Известный русский поэт, писатель, переводчик и литературный критик, друг П.И. Чайковского.
На его стихи многими композиторами написано множество популярных в России до наших дней романсов.
Памятная ночь
Зачем в тиши ночной, из сумрака былого,
Ты, роковая ночь, являешься мне снова
И смотришь на меня со страхом и тоской?
— То было уж давно... на станции глухой,
Где ждал я поезда... Я помню, как сначала
Дымился самовар и печь в углу трещала;
Курил и слушал я часов шипевший бой,
Далекий лай собак да сбоку, за стеной,
Храпенье громкое... И вдруг, среди раздумья,—
То было ль забытье, иль тяжкий миг безумья —
Замолкло, замерло, потухло всё кругом.
Луна, как мертвый лик, глядела в мертвый дом,
Сигара выпала из рук, и мне казалось,
Что жизнь во мне самом внезапно оборвалась.
Я всё тогда забыл: кто я, зачем я тут?
Казалось, что не я — другие люди ждут
Другого поезда на станции убогой.
Не мог я разобрать, их мало или много,
Мне было всё равно, что медлит поезд тот,
Что опоздает он, что вовсе не придет...
Не знаю, долго ли то длилось испытанье,
Но тяжко и теперь о нем воспоминанье!
С тех пор прошли года.
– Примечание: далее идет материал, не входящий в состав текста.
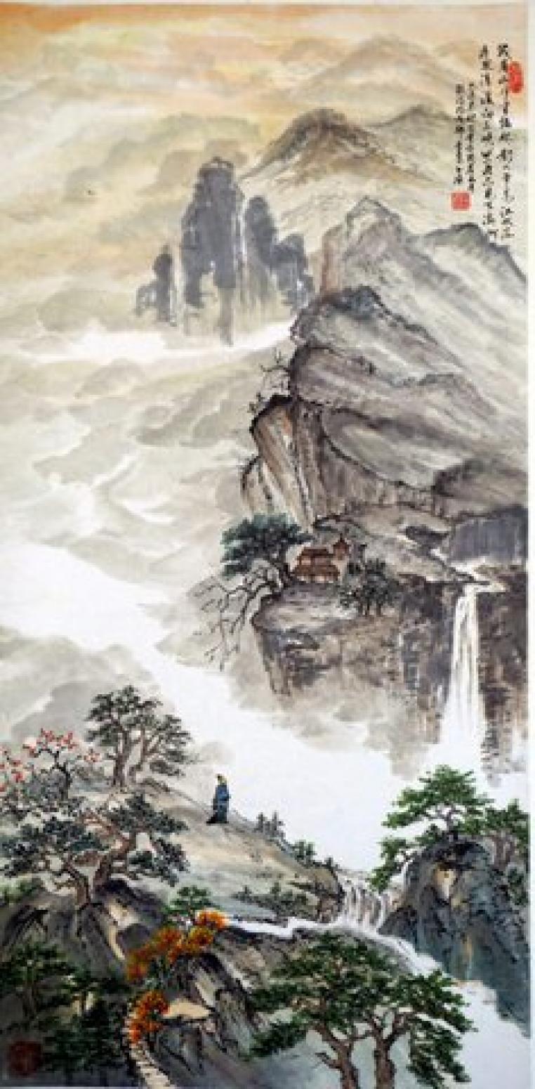李奎国画作品《峨眉山月半轮秋 作者李奎》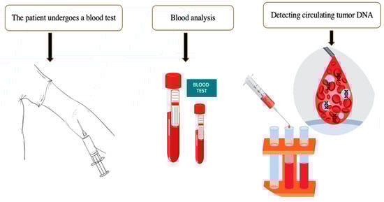 Initial observations of extracellular DNA (ecDNA) date back to the 1940s, when cell-free nucleic acids were identified in the blood of cancer patients. Nonetheless, the application of ecDNA as a diagnostic biomarker in clinical practice has only been developed and implemented in the 21st century []. Such fragments predominantly derive from apoptotic or necrotic tumor cells, although they may also originate from viable circulating cells [,]. Extracellular DNA circulating in the bloodstream of cancer patients contains tumor-specific DNA sequences detectable through liquid biopsy, a novel non-invasive diagnostic method based on blood analysis (Figure 2). This represents a promising “source” of biomarkers for minimally invasive monitoring of treatment efficacy, identifying potential targets for targeted therapy, determining drug resistance, and detecting cancer at early stages.

В тиши немых могил
Родных людей и чувств я много схоронил,
Измен, страстей и зла вседневные картины
По сердцу провели глубокие морщины,
И с грузом опыта, с усталою душой
Я вновь сижу один на станции глухой.
Я поезда не жду, увы!.. пройдет он мимо...
Мне нечего желать, и жить мне нестерпимо!
Памяти Мартынова
С тяжелой думою и с головой усталой
Недвижно я стоял в убогом храме том,
Где несколько свечей печально догорало
Да несколько друзей молилися о нем.
И всё мне виделся запуганный, и бледный,
И жалкий человек... Смущением томим,
Он всех собой смешил и так шутил безвредно,
И все довольны были им.
Но вот он вновь стоит, едва мигая глазом...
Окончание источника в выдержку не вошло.